Here we simplify things a little by eliminating the standardization process, and just assume that each of $m$ SN types have luminosities that follow their own distributions. We also introduce group membership as a latent parameter.

Based on the model written out below, draw a PGM and come up with a more complete narration of what's going on than is provided above.

Some priors on $q_i$, $\bar{L}_i$, $\sigma_i$, for $i=1,\ldots,m$.

For each SN observed,

$g \sim \mathrm{Multinomial}(\mathbf{q})$ (sometimes measured)
$L \sim \mathrm{Normal}(\bar{L}_g, \sigma_g)$
$\mu = C\,L$, with $C$ a known constant
$N \sim \mathrm{Poisson}(\mu)$ (measured)

Hierarchical models for linear regression

An extremely common task is fitting a linear model to data that have measurement uncertainties in both the $x$ and $y$ values, and intrinsic scatter.
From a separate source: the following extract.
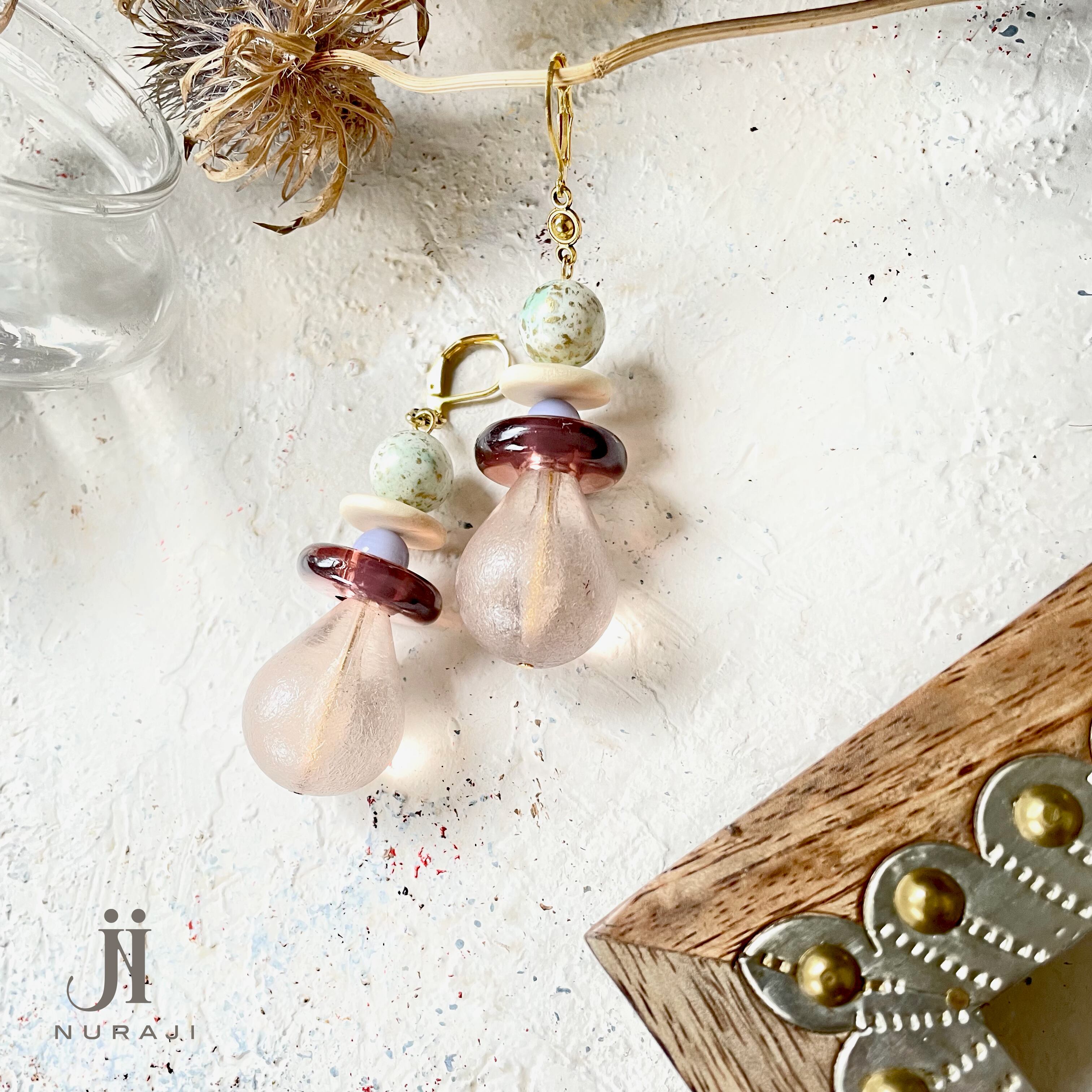まだら模様のビーズは80年代のドイツヴィンテージ。
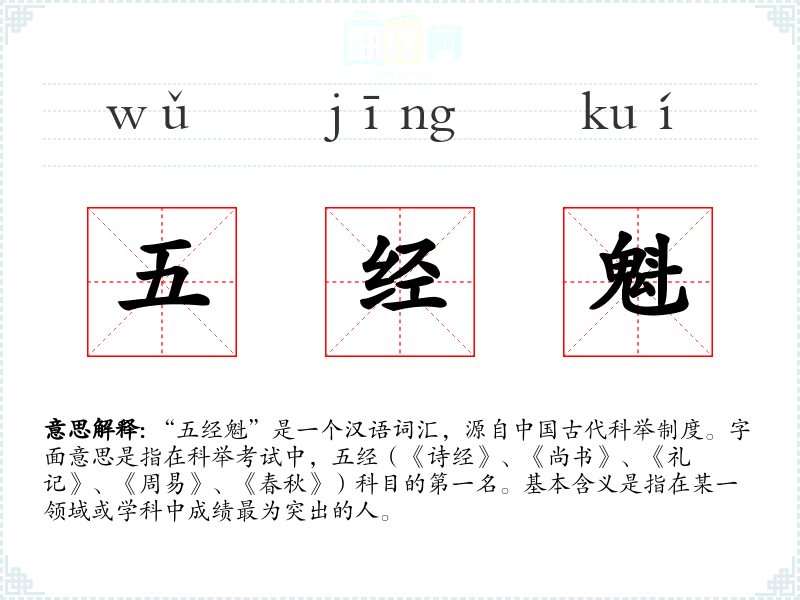 “五经魁”是一个汉语词汇,源自**古代科举制度。字面意思是指在科举考试中,五经(《诗经》、《尚书》、《礼记》、《周易》、《春秋》)科目的第一名。基本含义是指在某一领域或学科中成绩最为突出的人。

Non-Bayesian approaches were developed in the 90's, but have serious flaws (e.g., they cannot fit for the scatter), whereas this problem is neatly addressed by hierarchical modeling (see exercises).

For the also-common assumptions of Gaussian uncertainties and scatter, generic codes that fit these models using Gibbs sampling (see Efficient Monte Carlo) have been written.

Codes for hierarchical linear regression

Code	Language	multiple $x$'s	multiple $y$'s
`linmix_err`	IDL	no	no
`mlinmix_err`	IDL	yes	no
`linmix`	Python	no	no
`lrgs`	R	yes	yes